University of Arizona Professor Gary Schwartz, PhD believes he has proven that death is not the end of our individual existences.

In his book, The Afterlife Experiments, he discusses his pivotal study of mediums and after-death communications. Schwartz, who earned his doctorate at Harvard and taught at Yale, headed  UA’s former Human Energy Systems Laboratory, now part of the Laboratory for Advances in Consciousness and Health.

Authentic mediums do exist.

The mediums relayed accurate information up to 83 percent of the time compared to 36 percent for the control group. Schwartz noted one trial where Susan Northrup reported more than 120 pieces of information with an 80 percent accuracy rate.

In addition, the mediums repeatedly validated their peers by elaborating on details brought out in earlier readings, revealing a more complete picture of what the deceased person conveyed.

Schwartz said his findings showed “remarkable replication rates….guessing and chance cannot account for the accuracy of this data.”

Quantum physics inspired this study.

Schwartz mulled how the night sky shows us what used to be, not how it is. Scientists know the twinkling stars we see could have extinguished long ago. This led him to dwell on how energy continues well beyond the demise of its physical structure. He wondered if the same concept applied to human energy, or our souls.

This led him to study whether mediums could obtain accurate, unique and verifiable information from the dead.

Skeptics were key to the study’s design.

Keenly aware of the probability of mediumship fraud, Schwartz enlisted other skeptic scientists to serve on an advisory board. He also brainstormed with a psychic magician (who uses the art of illusion to discredit mediums) and a professional cold reader (who interprets body language and expressions and asks general leading questions to extract information from the sitter).
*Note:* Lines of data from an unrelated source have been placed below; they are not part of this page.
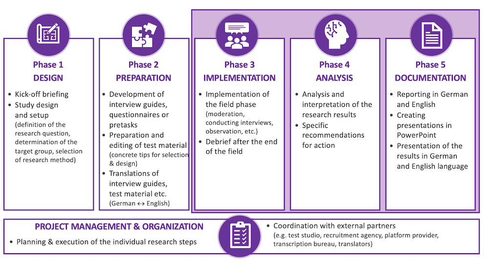 Depending on the research object and the research question, we decide together on the appropriate research path that will lead us to our goal: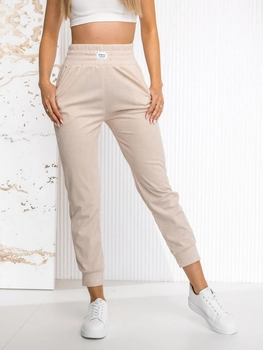 Beżowe prążkowane spodnie dresowe damskie Denley W7863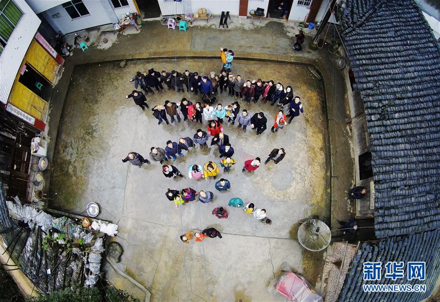 这是四川省宜宾市筠连县石门村肖召华老人一家部分成员的“航拍”合影,这个大家庭有10户共128人(1月31日摄)。 新华社发(魏新华 摄)
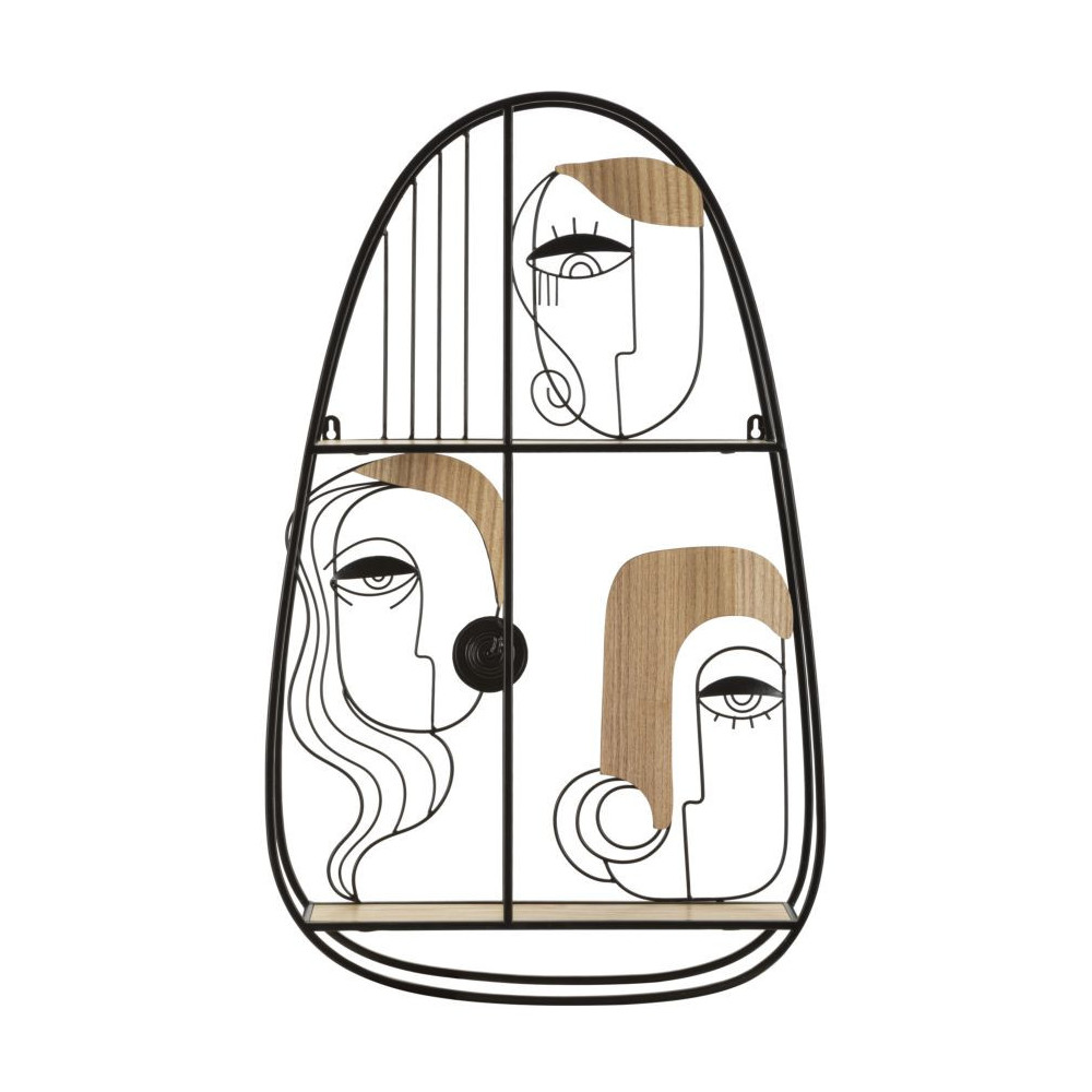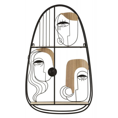 Mensola in metallo e legno dalla forma arrotondata ed elegantemente decorata con volti che richiamano l'arte cubista.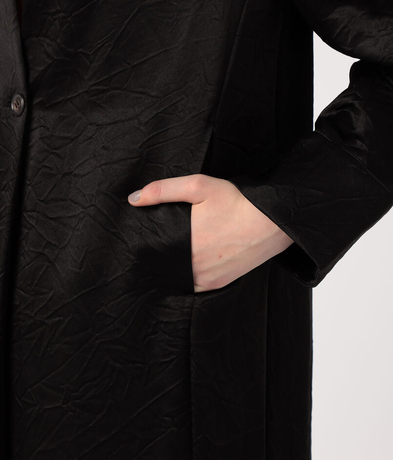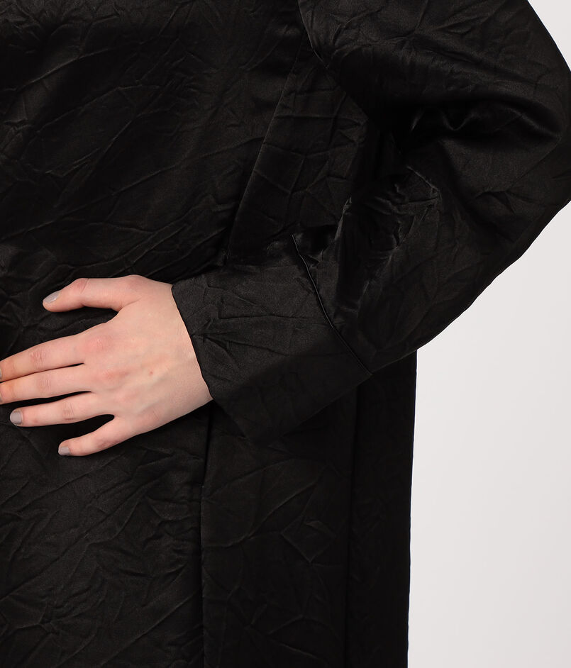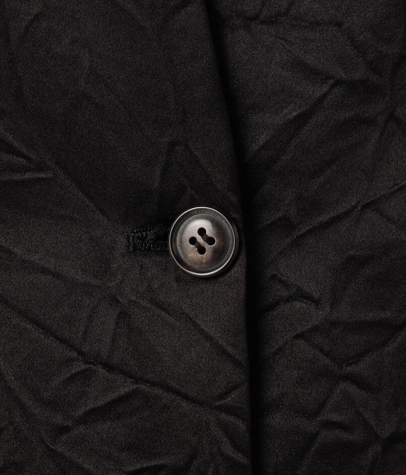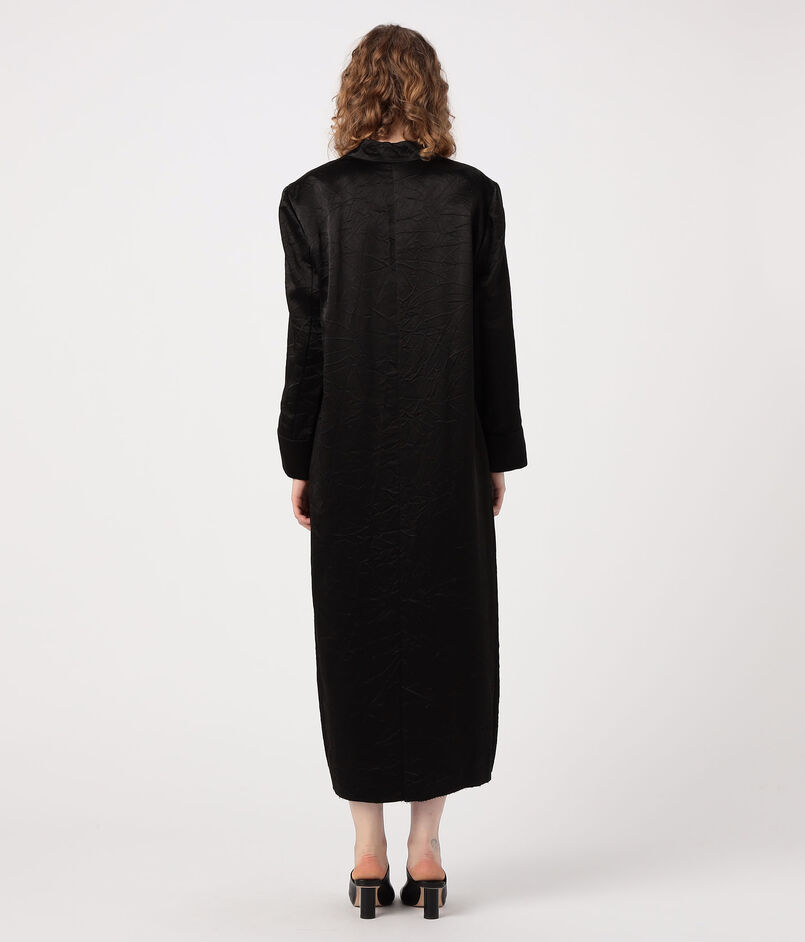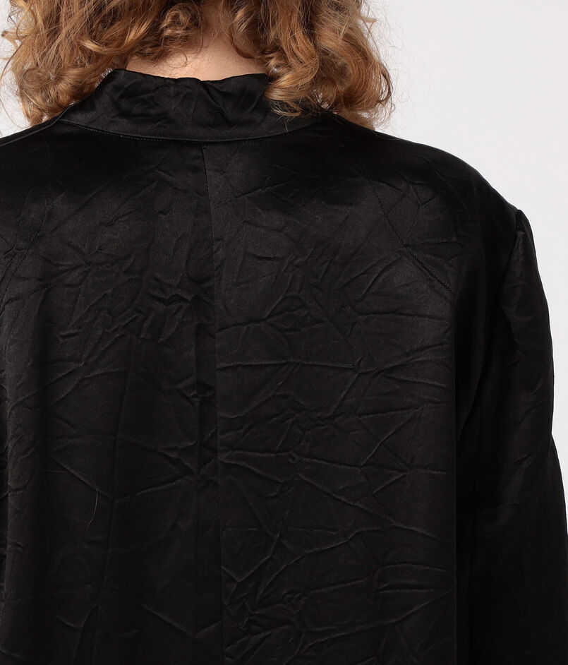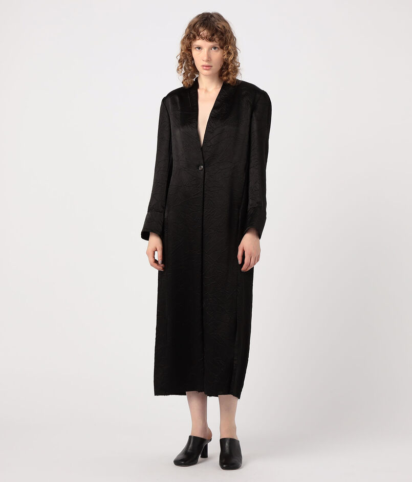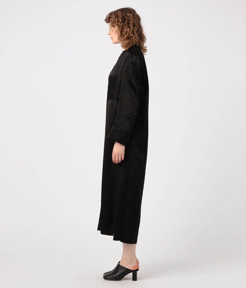 表面的な飾りを潔く削る反面、手の温かみによって作られた切り替えのラインが有機的で、女性の体が見え隠れするフォルムは、着るものにも見るものにも感情に熱を帯させる。

To keep UA’s data as pure as possible, mediums:

  • Didn’t know the identity of sitters (the people being read by the mediums). Even if the mediums could find out, sitters were randomly assigned to see some mediums, but not all—rendering advance research useless.
  • Were blind to the sitters; subjects sat behind them and a screen, so mediums couldn’t read expressions or body language.
  • Were periodically instructed to perform silent readings (sitters remained quiet), thus eliminating any voice or verbal clues to what was said. During periods when sitters were allowed to respond, they were limited to yes or no answers.
  • Occasionally provided remote readings of unknown subjects who were out of town. Later, mediums would meet these sitters over the phone so researchers could study how reading accuracy differed when direct contact over the phone or in person was not available.
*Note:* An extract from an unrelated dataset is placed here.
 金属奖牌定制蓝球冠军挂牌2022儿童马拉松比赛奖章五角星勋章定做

High profile mediums agreed to be studied.

Schwartz recruited mediums (among them John Edward, Suzanne Northrup and George Anderson) to participate.

Psychic abilities and mediumship are different.

As some of the data conveyed by the mediums were unknown by the sitters (details were later verified by others who knew the departed), Schwartz surmised that the seers were not reading minds (psychic abilities) and could’ve only received the information from the crossed over souls.

The Afterlife Experiments is fascinating and a must read for believers and skeptics alike.